Shame – The most haunting and disturbing movie of last year, but since we live in a society where sex addiction is not taken seriously, “Shame” has become all too important. This is the ugly side of sex where young professionals like Brandon (Michael Fassbender) fear emotional intimacy, find liaisons with a series of detached encounters, get off by internet porn, and find themselves acting out dangerously and compulsively in search of the next “high” tightrope act that never ends up satisfying anyway. Nominations should have included Best Director Steve McQueen, Best Actor Michael Fassbender, Best Film Editing.

Love Crime (France) – An unusual and highly stimulating thriller from France about office backstabbing. Kristen Scott Thomas is the boss Christine who takes credit for everything, Ludivine Sagnier is the protégé Isabelle who wants her acknowledgement for her work. These are highly educated rich girls with sociopathic instincts. Just when you think you’ve caught up to their schemes that they strike on each other, it turns out they are three moves ahead of you. Not that you can’t follow. With sly flashback editing, the past shot in black & white, you catch on the diabolical genius of Isabelle’s revenge tactics. Nominations should have included Best Director Alain Corneau, Best Actress Ludivine Sagnier, Best Supporting Actress Kristen Scott Thomas, Best Adapted Screenplay by Corneau and Nathalie Carter, Best Film Editing.

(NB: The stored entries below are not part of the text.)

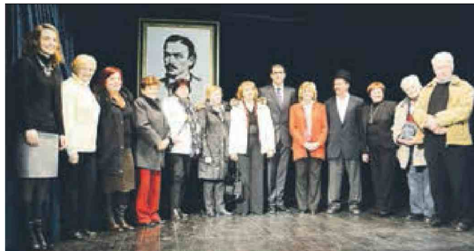
V kulturnem domu na Muljavi so podelili Jurčičeve plakete s področja ljubiteljske kulture.
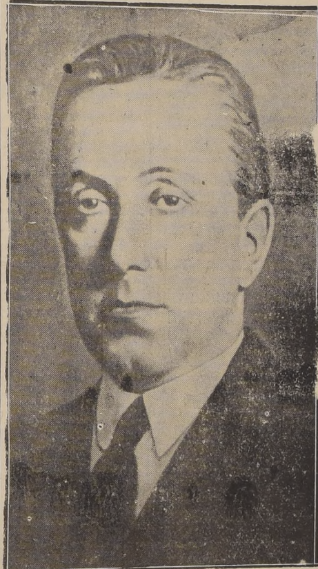
Con motivo de ser mañana Sábado 7, el cuarto aniversario de su fallecimiento, se oficiará una misa por el eterno descanso de su alma en la Gracituda Nacional, a las 10
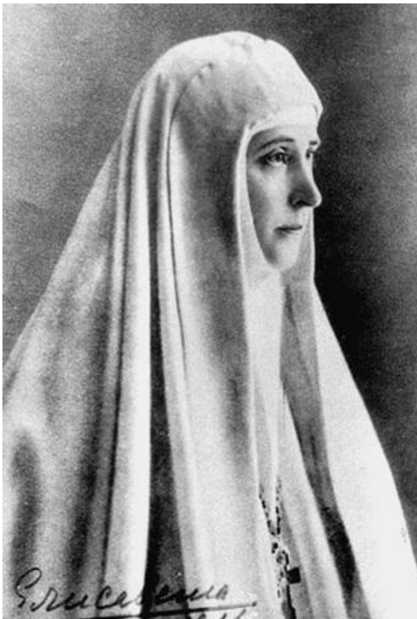
Великая княгиня Елизавета Федоровна. Фото 1900-х гг.

Святынями храма являются частицы святых мощей преподобномучениц Елизаветы и инокини Варвары. В обители действует приют-пансион для девочек-сирот, благотворительная столовая, патронажная служба, магазин церковной утвари. Сестры обители помогают больным и персоналу в военных госпиталях, НИИ скорой помощи им. Н.В. Склифосовского в ожоговом и травматологическом отделениях. Эта обитель имеет два десятка самостоятельно действующих по уставу обители отделений в европейской части России, в Сибири, на Урале, Дальнем Востоке, а также в Белоруссии и на Украине.
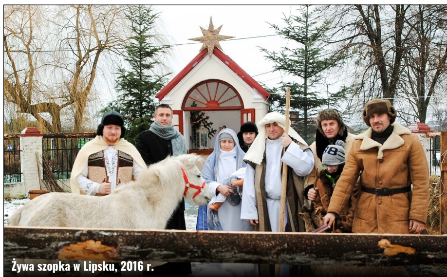
Żywa szopka w Lipsku, 2016 r.

nawzajem po nabożeństwie, nie oszczędzając przy tym kapłana. Upamiętniano w ten sposób patrona tego dnia, świętego Szczepana, pierwszego męczennika, który zginął ukamienowany za wiarę. Owies, przynoszony do poświęcenia, musiał pochodzić z pól gospodarza. Pożyczenie owsa mogło bowiem zaprzepaścić szanse na udane plony. Część ziarna należało zachować ze sobą i po powrocie do domu dodać je do owsa przeznaczonego na zasiewy. Niekiedy gospodarze bezpośrednio
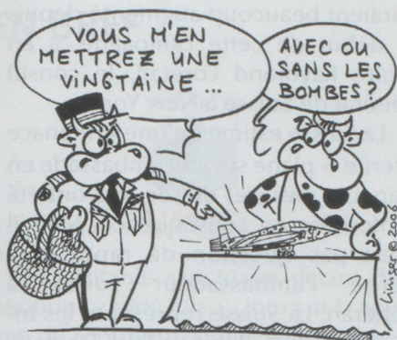
L'ARMÉE FAIT SES ACHATS DE NOËL...

● L'armée préconise l'achat d'une vingtaine d'avions pour remplacer ses 54 Tiger qui en 2010 auront atteint les trente ans de service. Sans ces nouveaux avions, avec seulement 33 appareils, elle s'estime incapable de garantir la sûreté globale de l'espace aérien suisse, d'assurer la police aérienne ou de faire face à une attaque terroriste par exemple. Le coût de cette vingtaine d'avions est estimé à environ 3 milliards de francs. Le Groupe pour une Suisse sans armée (GSSA) pourrait une nouvelle fois recourir à l'initiative populaire pour s'opposer à ce nouveau programme d'armement.
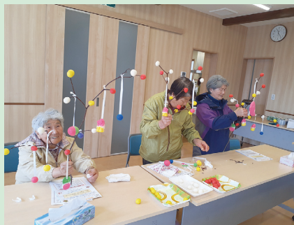
1月はだんごさが行われ、自由に飾り付けをしました。
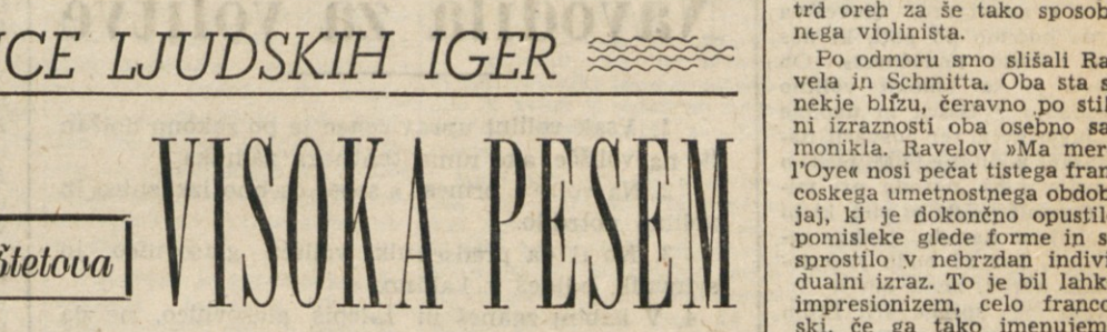
Med ilustriranimi mladinskimi knjigami, ki jih je lani izdala založba Mladinska knjiga v Ljubljani, je gotovo ena najlepših Tavčarjeva Visoka kronika, ki jo je ilustriral Boris Korb.

Med ilustriranimi mladinskimi knjigami, ki jih je lani izdala založba Mladinska knjiga v Ljubljani, je gotovo ena najlepših Tavčarjeva Visoka kronika, ki jo je ilustriral Boris Korb. Pravzaprav gre tu bolj za nekakšno opombo oziroma komentarje, ki poleg pisane besedila kakor ilokvne marginalije spremljajo potek pripovedovanja. Soto predvsem lapidarno, docela preprosto izvršene poobe predmetov, o katerih besedilo pripoveduje. — Poleg naslovne strani vidimo tu še figurarno kompozicijo, ki predstavlja tovarjenje vina iz Vipave na Gorenjsko in druge daljne kraje.
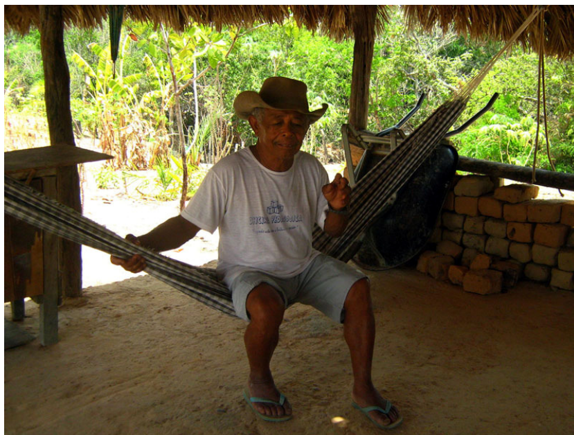
Figura 2: Idoso Kalunga em seu ambiente.

Os sujeitos Kalungas ou Quilombolas, participantes desta pesquisa residem em comunidades isoladas nos municípios de Cavalcante e Teresina de Goiás, que ficam situados na Chapada dos Veadeiros, num dos pontos mais altos do planalto central. A Nação Kalunga, assim considerada por possuir uma raça unificada e um sistema sócio-econômico e político com características próprias, possui uma população em torno de 3.500 habitantes distribuídos por cinco núcleos de maior importância: Vão do Moleque, Ribeirão dos Bois, Vão das Almas, Contenda e Kalunga, e por uma centena de pequenas outras localidades. “Os Kalungas praticam a agricultura como atividade de subsistência e participam do mercado regional. Eventualmente como empregados, ou vendendo e trocando produtos agrícolas. A organização social sem classe e a posse da terra se baseiam nos grupos familiares”, (Revista Ciência Hoje v. 13 nº 75/julho 91).
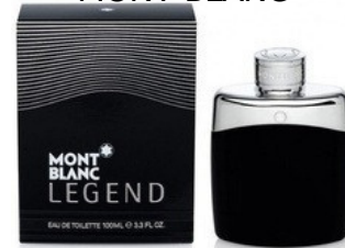
86 LEGEND MONT BLANC
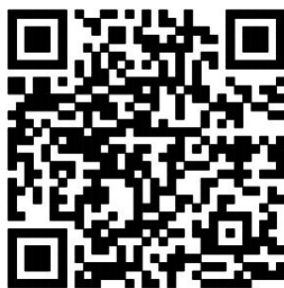
Google Play 下载二维码
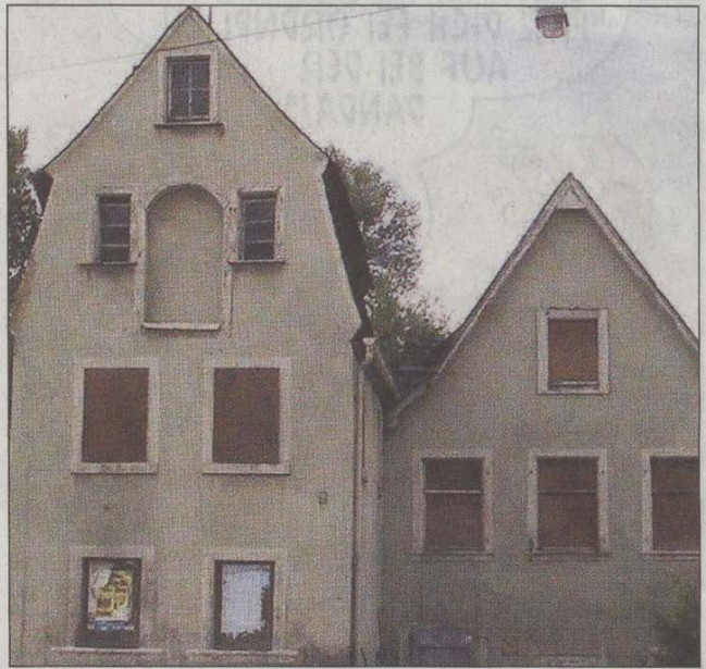
Zum sanierungswerten Potenzial in Hof gehören nach Ansicht der Hof-Architekten zum Beispiel der Alte Poststall im Sigmundgraben ...

Doch auch in Hof gibt es, wie die Hof-Architekten mit einem virtuellen Stadtrundgang zeigten, positive und negative Beispiele im Stadtbild. Qualität zeigte sich, so der Vortrag, etwa bei der gelungenen Gestaltung des
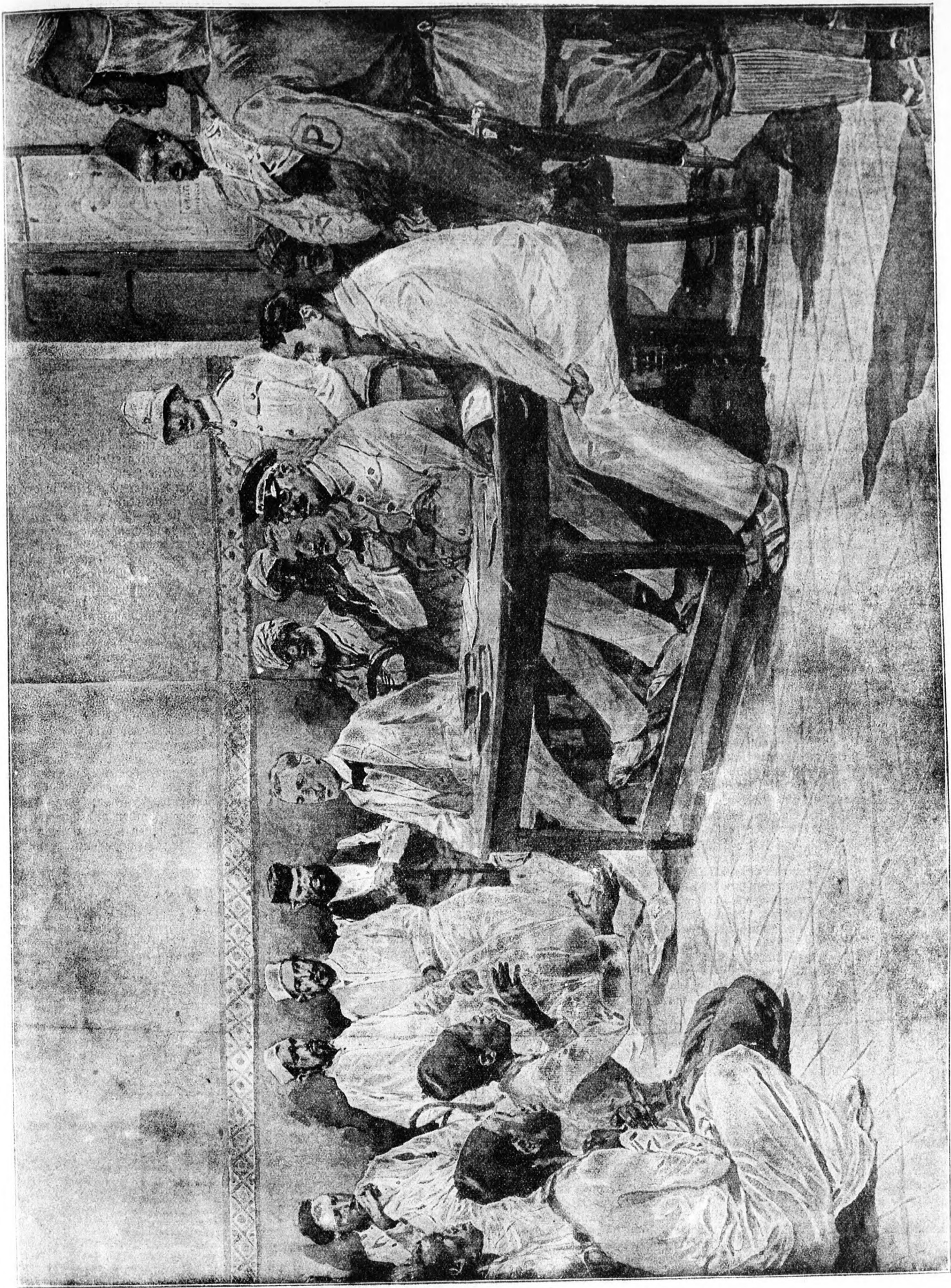
Eine Gerichtsverhandlung in Deutsch-Südafrika. (S. 24)

helfen. „I tut!“ „Gätte ig nicht o wäre vieriger e nur, hundert Nun, immer ihn zu auch ein belt es s Glück und da r Rüd-
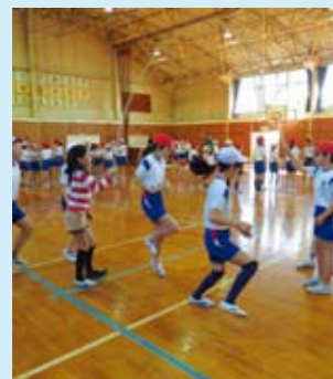
体力向上の取り組み
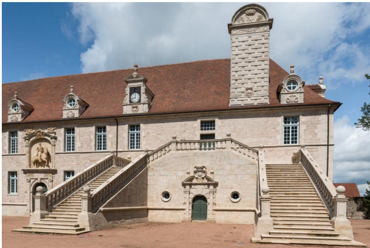
Façade sud-est, partie droite, grand-degré.

71, Saint-Bonnet-de-Joux chemin du Bois de Chaumont, lieudit : Château de Chaumont

Cedar Rapids – An adult comedy that is a happy one. “The Hangover Part II” was the most disappointing movie of the year (how could it have possibly pleased anyone?) but under the radar was this little movie about a little insurance man, Tim Lippe, from Brown Valley played by Ed Helms. He goes to the BIG CITY (!) of Cedar Rapids, Iowa for a business convention. He has never met a black person before, he bashfully asks out a hooker for a cup of coffee, he doesn’t get that that a blonde colleague is trying to get him into bed, and rarely has he ever partied with alcohol. Then he meets John C. Reilly as client poacher Dean Ziegler, who drinks, dances disco-slam style, and speaks in intangible riddles that are little philosophical crackpots. Nominations should have included Best Supporting Actor John C. Reilly and Best Original Screenplay by Phil Johnston.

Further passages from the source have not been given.